ICANN, the Internet Corporation for Assigned Names and Numbers that registers internet addresses worldwide, has failed to acknowledge how people harm collective and personal freedom with no intention to start an internet business, scalp internet addresses, and sell them for a significant profit to the highest bidder. Even the sports industry has figured out scalping hurts their bottom line and deploys rules to combat it. ICANN failed to align with local governments responsible for the proper adjudication of incorporation, thereby using a free-for-all ignorant of the need to protect freedom. The result is that most internet addresses are parked aimlessly, waiting to be resold at exorbitant prices, and inaccessible to those with legitimate purposes.
Paradox of Freedom
Despite opulent economic malpractice, we cannot entirely blame technology companies for the offensive schemes they deploy in pursuit of the mighty dollar. The absence of rules to protect collective freedom spawns the attrition of personal freedom we deserve.
The absence of rules to protect collective freedom created a tobacco industry selling loads of cigarettes to unsuspecting consumers, causing a significant increase in lung cancer. Three decades later, everyone else – including the next generation – still pays for it.

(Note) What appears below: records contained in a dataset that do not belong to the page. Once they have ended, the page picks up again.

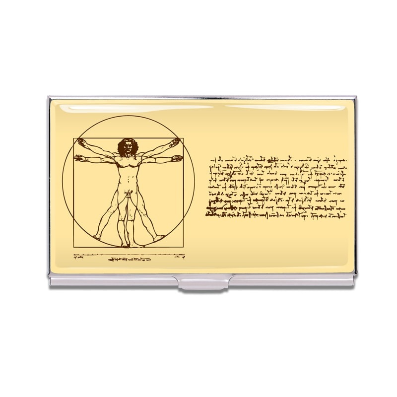 ACME Studio card cases have mirror chrome metal finish inside and out with a unique epoxy image applied to the lid. ACME”s logo is stamped on the back. Card cases hold 12-14 business cards, or 2-3 credit cards. “Science” Business Card Case is a design by Leonardo Da Vinci, from Acme Studios, USA.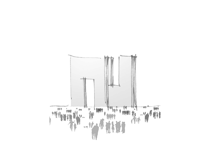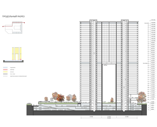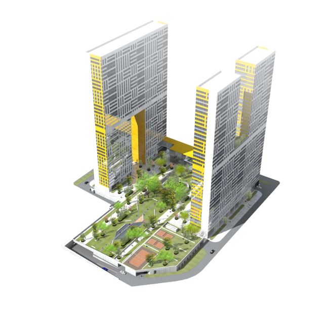 Авторы исходили из того, что при движении по Рублевскому шоссе и по Ярцевской улице комплекс должен восприниматься совершенно по-разному. Оба фронта Рублевки застроены довольно плотно и при этом хаотично, и этим почти непрерывным «цепочкам» хотелось противопоставить довольно внушительный материальный объем, который бы зримо присутствовал в панораме трассы и успевал заинтриговать проезжающих мимо. Ярцевская – это совсем другая история. Она идет ниже и быстро убегает к Мневникам, панорама которых может похвастаться «воздухом». Соответственно, туда просились как раз тонкие вертикали, ничего кардинально не меняющие. Так и сложился комплекс Плоткина: он представляет собой две 40-этажные двухсекционные пластины жилых корпусов, которые ориентированы перпендикулярно Рублевскому шоссе. Посередине каждой из них архитекторы делают вырез высотой в 19 этажей, таким образом, что пластины превращаются в буквы П – одна из них опирается на стилобат и становится своего рода порталом, а вторая, наоборот, смотрит «ножками» вверх, позволяя создать в перемычке дополнительное общественное пространство. Подобная зеркальность придает в целом очень лаконичной композиции и динамику, и выразительный силуэт, и искомую «прозрачность». Конкурсный проект жилого комплекса на Рублевском шоссе © ТПО «Резерв»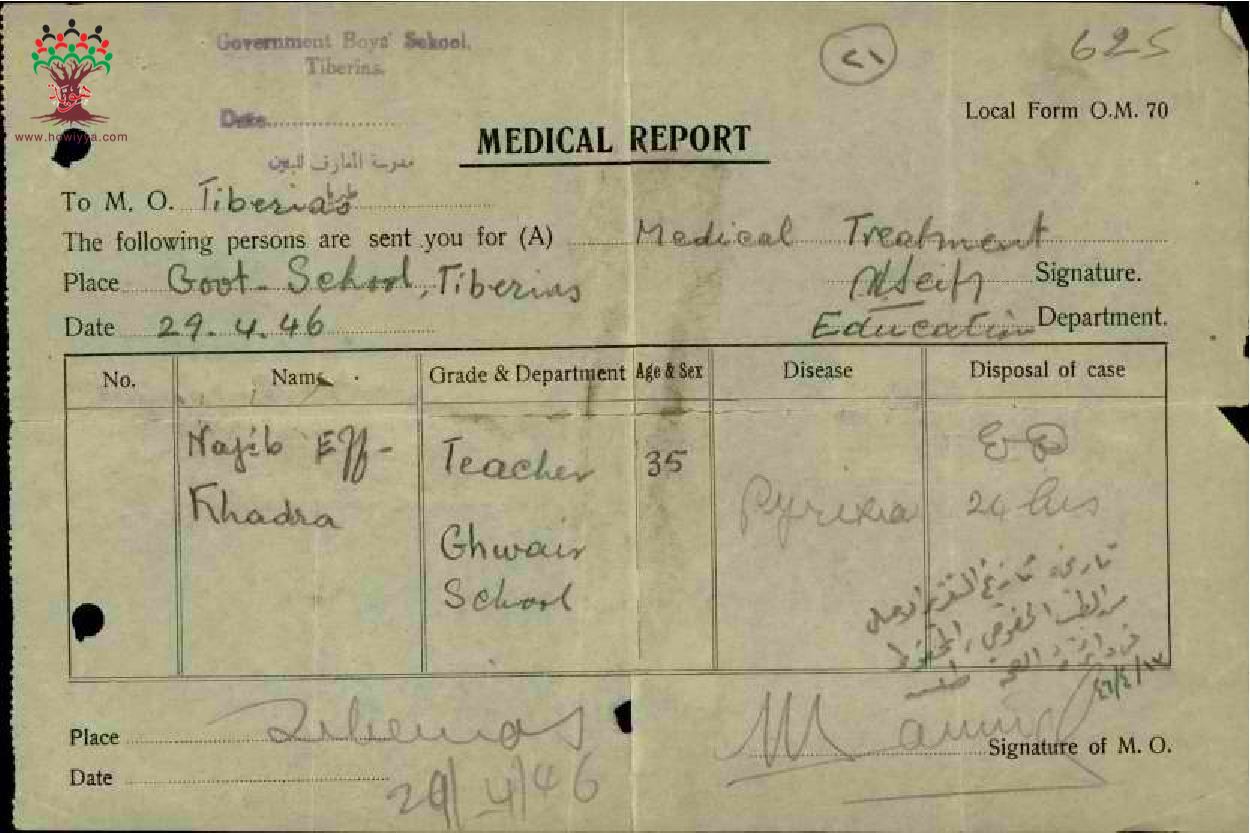 تقرير طبي عن غياب المعلم نجيب الخضرا-مدرسة غوير أبو شوشة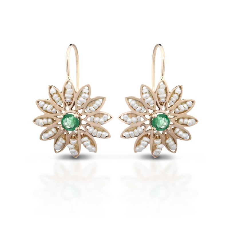 Orecchini in oro rosa, smeraldi naturali e microperle infilate a mano con filo d'oro.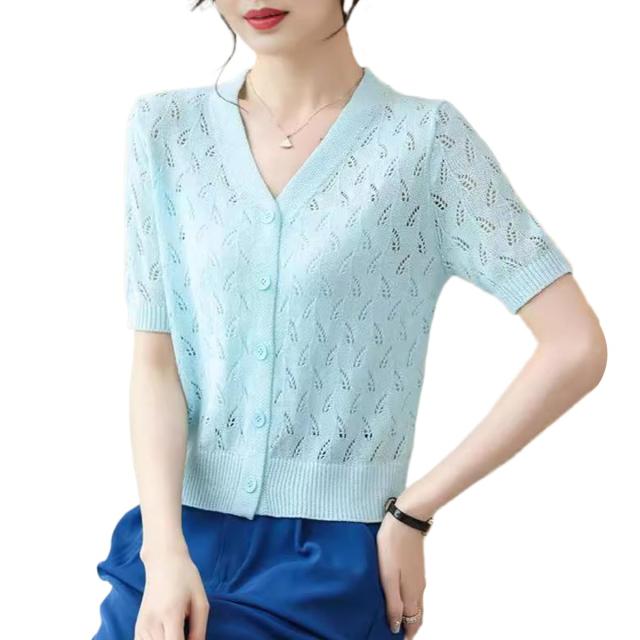カーディガン レディース 透け感 半袖 サマーカーディガン ショート丈 透かし 夏レディースファッション トップス カーディガン ボレロ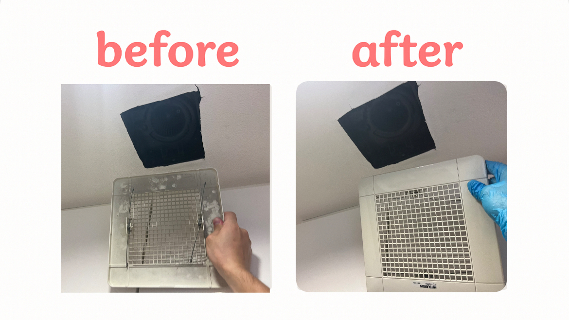 お料理の油を吸ってベタベタの状態のレンジフードは、換気扇の効率が下がってしまいます。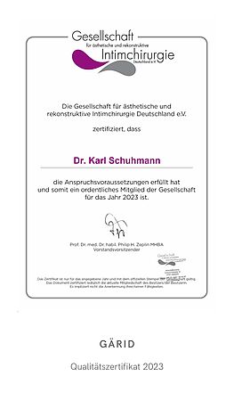 Mit der Verleihung der unterschiedlichen Zertifikate wird dem Facharzt Dr. Schuhmann bescheinigt, dass er diesen umfangreichen Qualitätsanforderungen als Plastischer und Ästhetischer Chirurg gerecht wird.

The absence of rules to protect collective freedom in the fast-food industry caused us to become the most obese “developed” country, with staggering medical costs that are just unsustainable. Similarly, the rampant and unchecked economics deployed by technology systems has and will cause further socioeconomic damage we may not be able to recover from.
Out-innovate governance
What must become clear to us is that we can not sell our future short by ignoring today’s flawed economics. We must reinvent the old religion of economics that holds our spiraling evolutionary performance hostage. And technology systems, by their global reach and impact, would be the best place to begin demonstrating how we value each other.
Now is the time for technology companies to demonstrate that they are better off governing themselves and staving off any misguided governance that will otherwise undoubtedly come their way. Technology companies must set a new horizon, look up from their keyboards, understand the basic tenets of freedom, and out-innovate governance to project authentic renewable value to the public.